Solved – Polynomial fit: removing outliers

correlationfittingoutliersregressionscatterplot

I want to fit a scatter plot with a polynomial, and find the correlation between two variables.

1) How can I define and remove outliers from data points?
(in the figure the outliers on the right misled the polynomial fit, which didn't capture the linear relationship)

enter image description here

where SE is the squared error, R is the Pearson correlation coefficient, and $\rho$ is the Spearman Correlation Coefficient.

Best Answer

In the picture, you posted, outlier is on the x axis.
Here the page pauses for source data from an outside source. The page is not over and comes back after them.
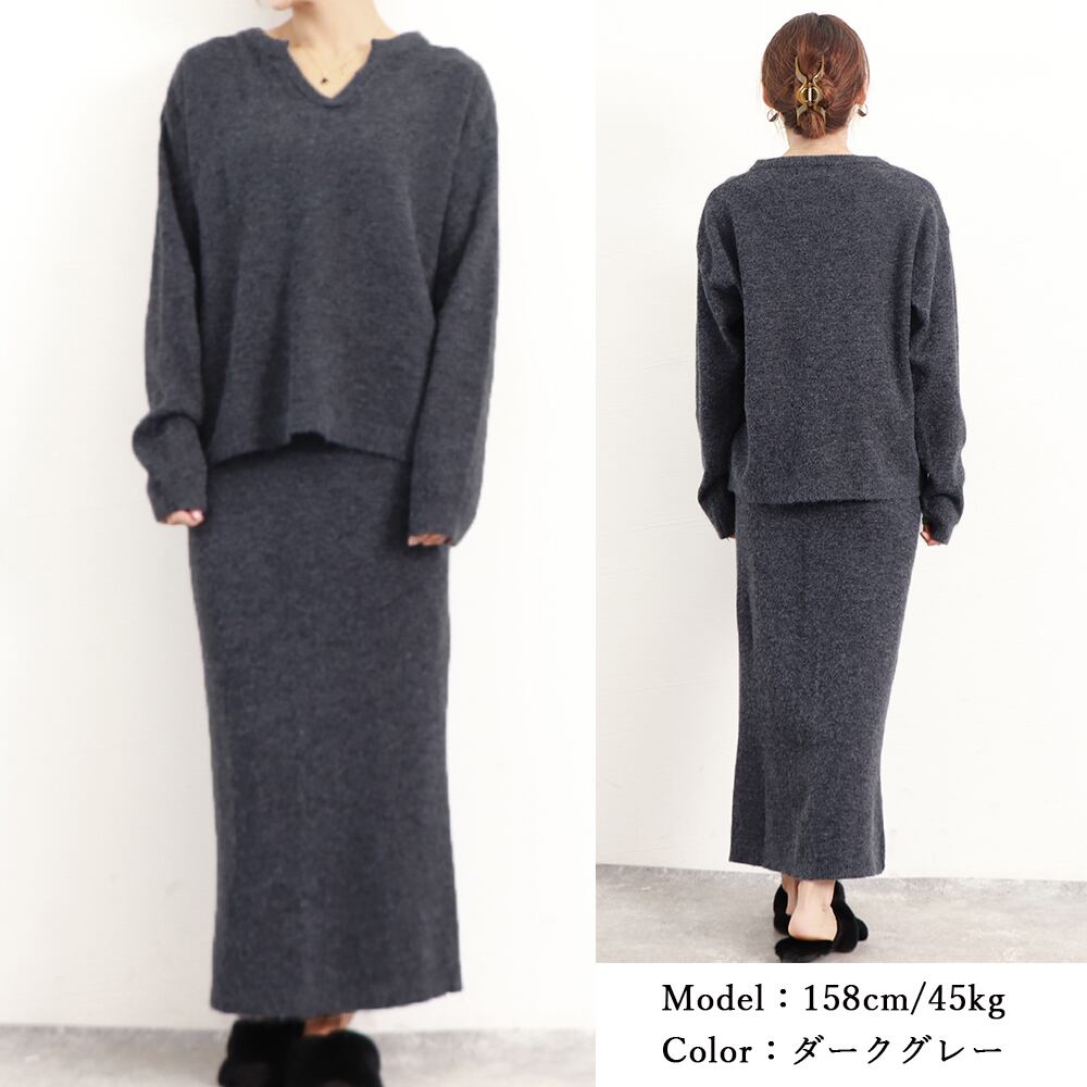 トップスはゆるシルエットにボトムスはタイトスカートで絶妙バランスコーデ。柔らかな肌触りのニット素材で仕上げて、ストレスフリーで着用できます。着るだけで今っぽく仕上がり、忙しい朝も即コーディネートが完成する優れもの。セットアップとしてはもちろん、それぞれ単体でも使えるため、着回し力抜群のアイテムです。
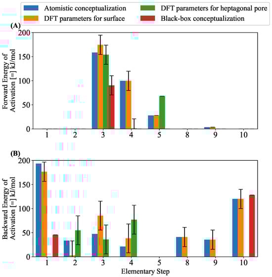 Comparison of energies of activation for refined parameters of atomistic approximation, DFT approximations, and black-box conceptualization: (A) for forward steps and (B) for backward steps.
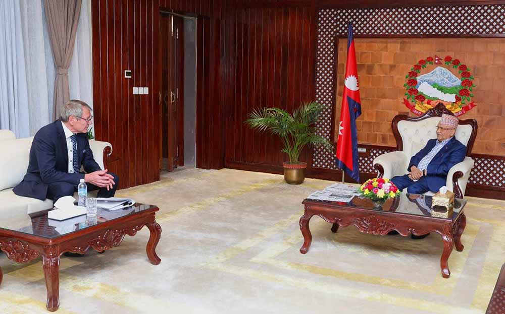 काठमाडौं । प्रधानमन्त्री केपी शर्मा ओलीसँग नेपालका लागि जर्मनीका राजदूत डा. थोमस पिन्जले शुक्रबार शिष्टाचार भेट गरेका छन् ।
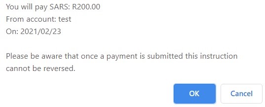 With an eFiling payment, the payment can be initiated by any eFiler, e.g. the taxpayer, tax practitioner, representative, but this payment must be approved by the bank account holder. When making a payment to SARS, eFiling will send a payment request to your bank which will indicate the amount that needs to be approved and gives a payment reference number. The bank account holder must then log on to his/her bank product and authorise this request, which acts as an instruction to the bank to make the payment to SARS.
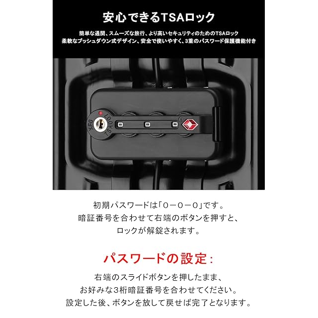 【ロック】国際TSAロック搭載。 (鍵穴は空港職員専用となります。キーは通関用であり、購入者には渡されません。)【多段階キャリーバー】旅行箱は身長や状況に応じて自由に長さを調節できます。自分に似合う高さをボタンで調節します。レディ―スにもメンズにも十分にピッタリです。
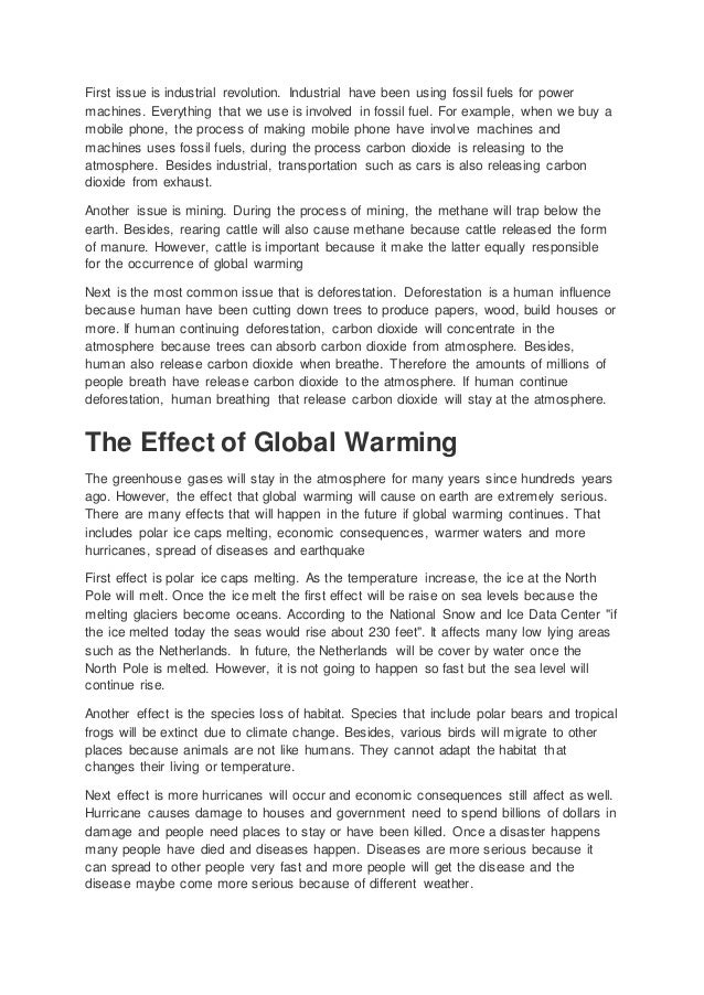 Every paragraph on global warming essays should explain a different point . Conclusion: After bringing out your argument cohesively, the conclusion allows you to tie the points neatly . You should summarize the entire essay in a few sentences . Note that the conclusion should not introduce new points .
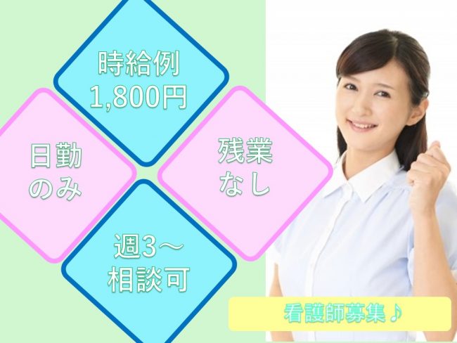 | 職種 | 特別養護老人ホームでの看護職/時給例1,800円/残業なし |

We can remove them using IQR and example code of doing it in R can be found here

Here is an example on simulated data for your case:left subfigure is the data without outlier, the right subfigure is the data with outlier. (I am manually adding 3 data points in mtcars data.)

As you can see, those 3 data points make the regression line flat.

enter image description here

Code

par(mfrow=c(1,2))
d=mtcars[,c("wt","mpg")]
plot(d)
fit=lm(mpg~wt,d)
summary(fit)
abline(fit)

d2=rbind(d,c(40,20),c(45,20),c(50,20))
plot(d2)
fit2=lm(mpg~wt,d2)
summary(fit2)
abline(fit2)